Vaca Muerta is producing a record 91 million cubic meters of gas per day and in December will exceed the ceiling of 308,000 barrels of oil per day, said Omar Gutiérrez, governor of the Argentine province of Neuquen, where the unconventional formation is located.
The area, which has the second largest shale gas reserves and the fourth largest shale oil reserves in the world, is Argentina's great bet to reverse its energy deficit, although for the moment only 8% of its extension is under development, with investments of 5.5 billion dollars this year.
Exports from Vaca Muerta will be 2 billion dollars in 2022, almost five times the exports of the previous year, while the increase in production allowed the country to reduce energy imports by 4 billion dollars for the southern winter, explained Gutiérrez in an event at the headquarters of the Argentine Industrial Union (UIA), in Buenos Aires.
"Vaca Muerta generated that, instead of 52 ships (of liquefied natural gas, as in 2021) being imported, 22 ships were imported," he detailed.

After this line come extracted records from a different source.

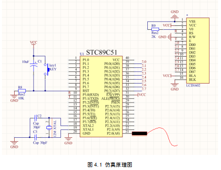 由于自身能力限制,目前对该系统只能做出理论上的分析,仿真只能就近似过程进行模拟。设计的仿真原理如图4.1所示,图中红色导线部分代表光纤,黑色矩形表示传感器的信号处理部分。由于所使用的仿真软件中没有光纤仿真器件,所以光纤传感器部分只能由其他测温器件代替。仿真系统由51单片机作为中央控制和信息处理单元,采用单总线技术连接4个DS18B20芯片。以此来模拟光纤测温传感器的测试仿真过程单片机传递指令给DS18B20芯片,DS18B20芯片测得温度信号后通过单总线传递给单片机,单片机根据得到的温度信息和DS18B20的地址信息确定总线分布位置的整体温度信息,并将所得信息显示在LCD1602液晶上。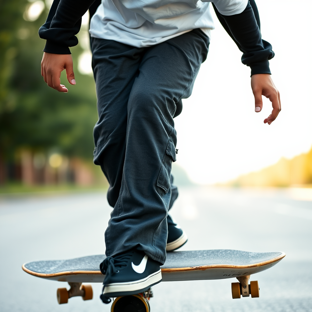 Photograph capturing a candid moment: a young boy and his father are joyfully balanced on a skateboard. The boy, in a relaxed white T-shirt exuding a playful yet cool charm, pairs it with dark grey cargo joggers. Their shared adventure centers around the boy holding onto his father's sturdy, tattooed hands. Only the father's lower body is in view, dressed in black, loose-fit long sleeves, suggesting a story of comfort and style. Both wear Nike SB skateboard shoes, contrasting in their stories of wear—one set new, the other comfortably worn-in. This scene is bathed in the soft, natural light of a serene setting, skillfully captured with a Sony α9 II using a Sony FE 100-400mm f/4.5-5.6 GM OSS lens. The image is suffused with a high-contrast effect, celebrating the perfect face-to-body ratio and the shared happiness bridging generations through a creative lens.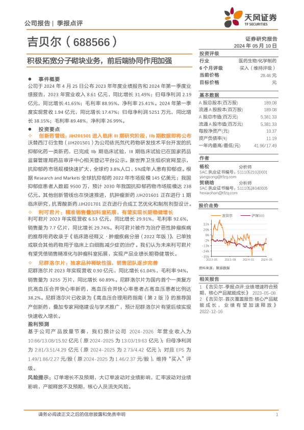 本报告对吉贝尔(688566)2023年年度业绩报告和2024年第一季度业绩报告进行了分析,并维持“买入”评级。
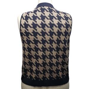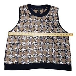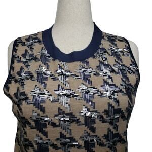 Ann Taylor Sweater Vest Size XL Sequined Houndstooth Knit Navy Beige Sleeveless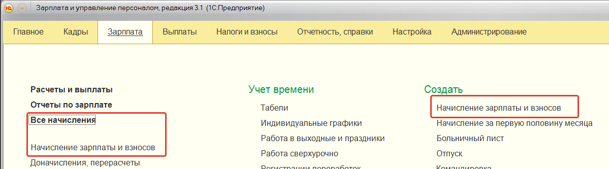 Окончательный расчет зарплаты за месяц производится документом "Начисление зарплаты и взносов". Документ доступен в разделе "Зарплата / Все начисления" либо "Зарплата / Начисление зарплаты и взносов".

Gutiérrez also highlighted the need to develop infrastructure such as gas and oil pipelines, which will allow increasing the transportation capacity from Vaca Muerta, both to increase local supply and to export.

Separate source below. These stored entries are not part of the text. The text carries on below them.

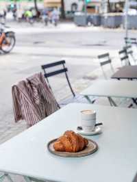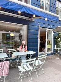 Dalsis, which I visited on a cloudy afternoon, had a blue wall that stood out from afar, and a wall with roses in bloom, making it a lovely place from the outside. The outside, with its light mint-colored tables, had a simple feel, and the inside had a cozy and relaxed atmosphere that we think of when we hear the words Denmark or Scandinavia. The bread I wanted to eat was sold out, but thanks to the friendly service that recommended various things and explained the coffee in detail, I was able to spend a pleasant afternoon. If I go to Denmark again, I definitely want to go there again. 🚗 Rantzausgade 2, 2200 København N ⏰ Mon-Fri 07:30-17:00, Sat-Sun 09:00-14:30 #EuropeanTravel #DenmarkTravel #CopenhagenTravel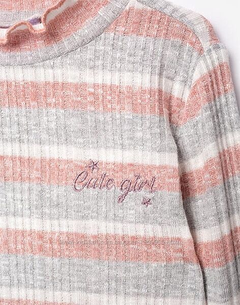 Полосатая водолазка с вышивкой для девочки розовая с серым рост 92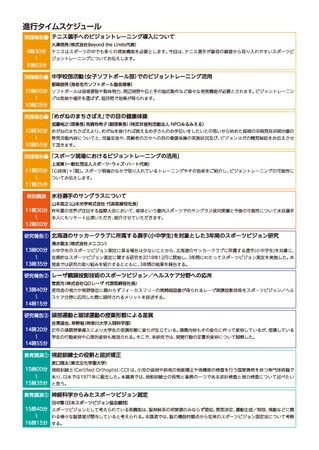 大会では、スポーツビジョンの活用に関する現場からの報告から、ビジョントレーニングの効果に関する最新研究報告までスポーツビジョンを健康づくりに役立てるヒントが見つかります。当日は講演者へ直接質問することもできます。
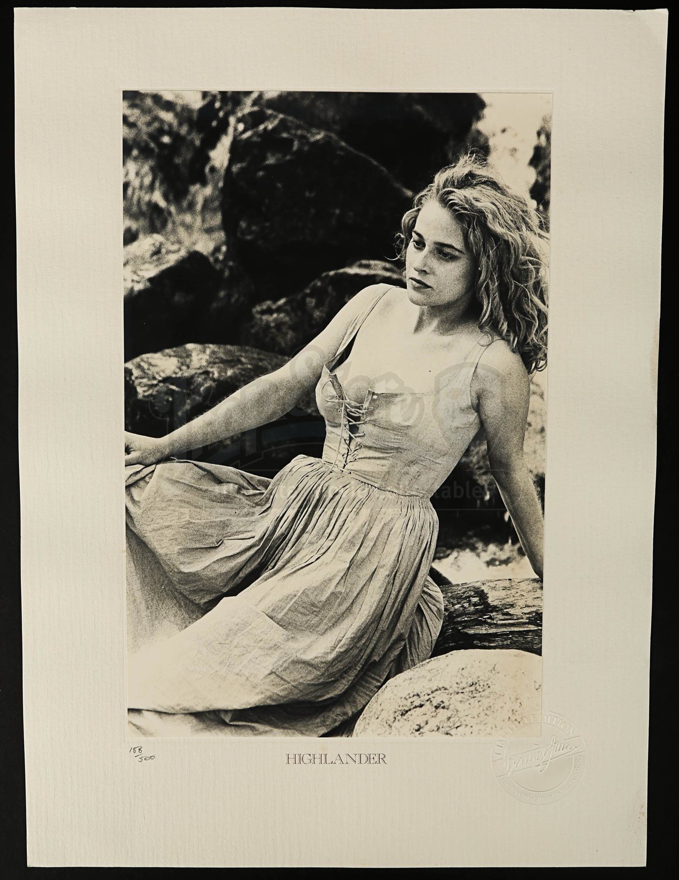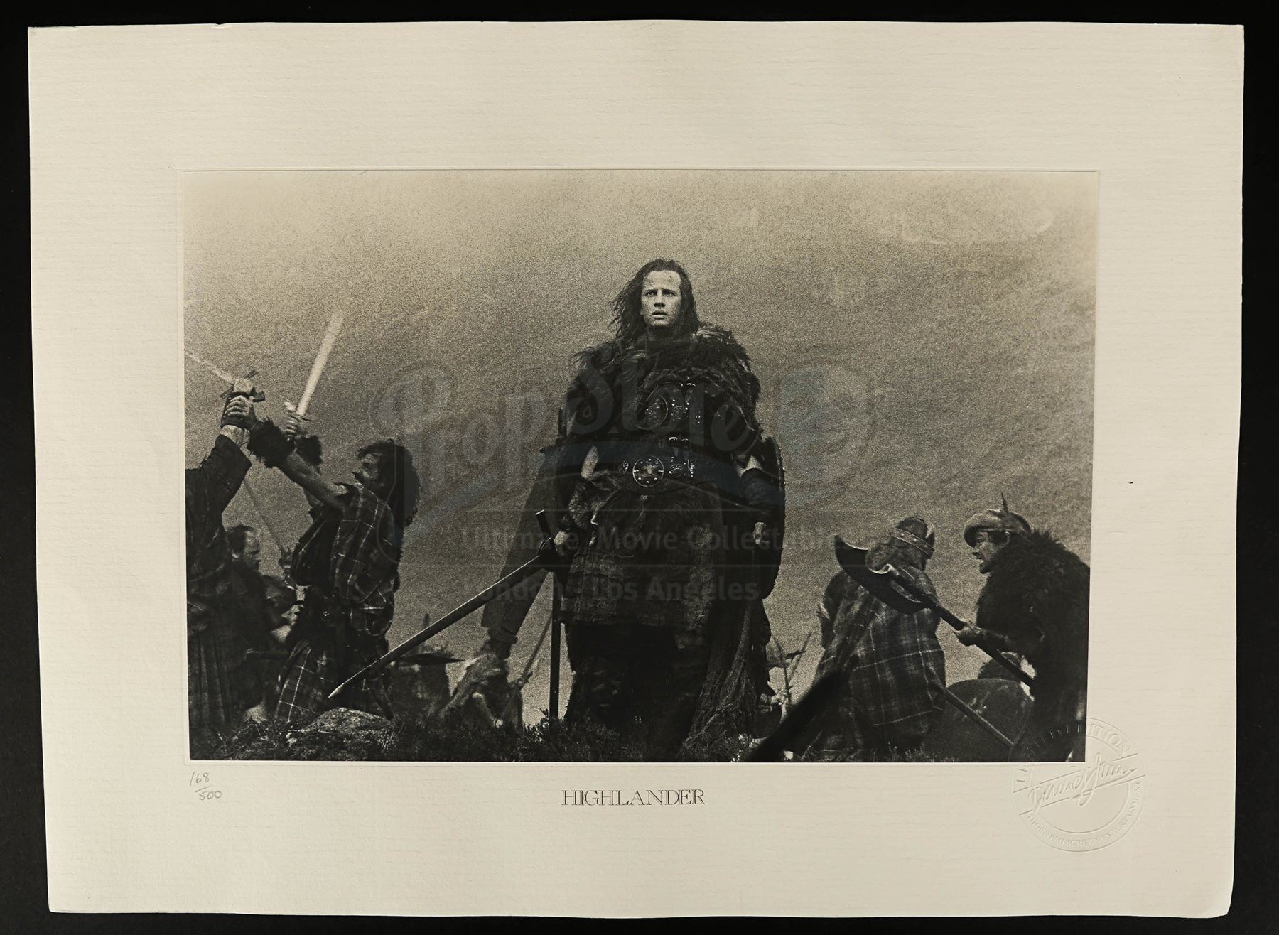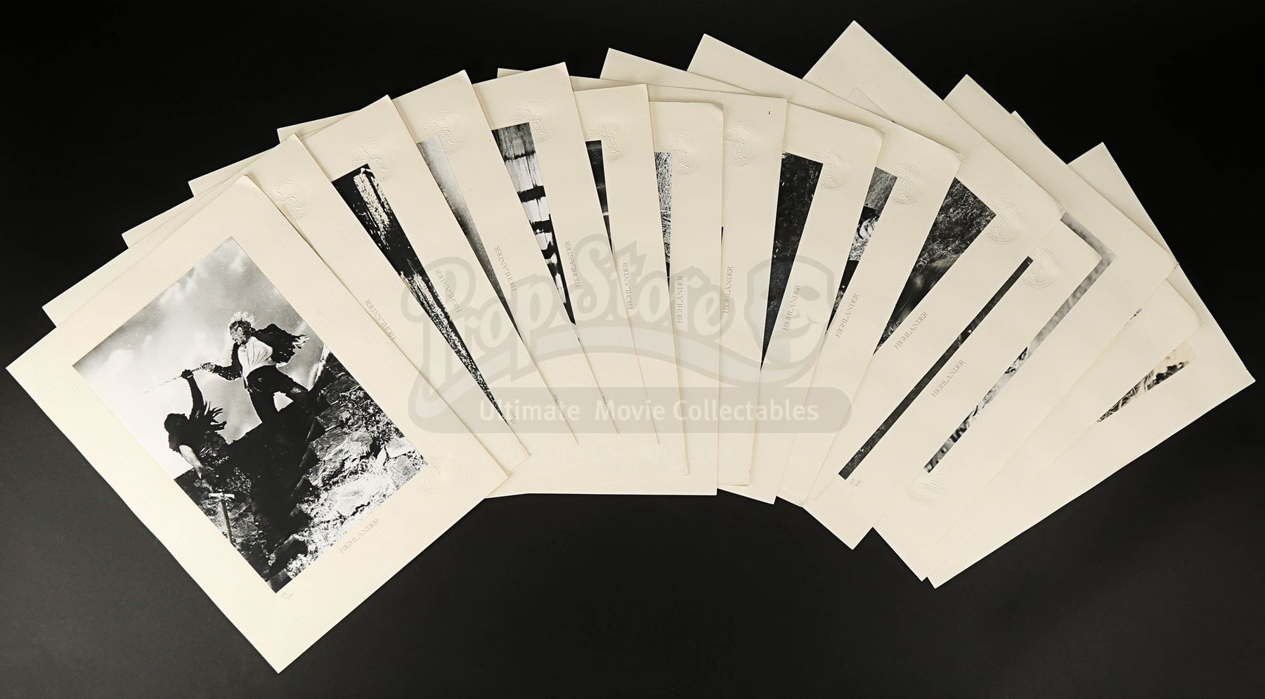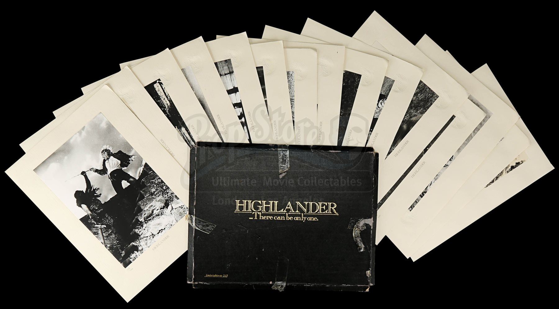 Each hand-numbered A4 photograph is printed on beige card adhered to an A3 textured card sheet. These beautiful black-and-white portraits and action scenes feature Connor MacLeod (Christopher Lambert), the Kurgan (Clancy Brown), Ramirez (Sean Connery) and Heather (Beatie Edney). They are presented in their original black card box featuring the text “Highlander – There can be only one” in faux-gold print.

The government of President Alberto Fernández made progress in the bidding process for the construction of a new gas pipeline that will link Vaca Muerta with the province of Buenos Aires in a first stage. The works would start in October.
Luis Betnaza, UIA executive and director of Techint, the company in charge of the supply of pipes and the construction of a large part of the gas pipeline, said that although there are "stressful logistics", they expect to arrive on schedule.

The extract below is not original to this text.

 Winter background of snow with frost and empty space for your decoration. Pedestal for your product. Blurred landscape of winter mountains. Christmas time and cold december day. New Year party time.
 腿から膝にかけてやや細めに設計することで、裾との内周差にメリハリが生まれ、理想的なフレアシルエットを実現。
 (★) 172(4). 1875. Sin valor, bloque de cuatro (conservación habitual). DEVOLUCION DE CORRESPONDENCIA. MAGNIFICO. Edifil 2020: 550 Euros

"We are talking about the fact that 180 trucks of pipe will have to leave the Valentín Alsina plant (in Buenos Aires) every day, with quite complex logistics," explained the executive of the group that controls global giants such as Ternium and Tenaris.
"400 new jobs have been taken, people have been trained, purchase orders have been placed for the sheet metal (...) to bring from Brazil in the coming months," he added.
Argentina imports around 20% of the gas it consumes. The gas pipeline will allow in the first stage to increase the transportation capacity from Vaca Muerta by 11 million cubic meters per day and will generate savings of about 2.2 billion dollars in imports in 2023, according to official estimates.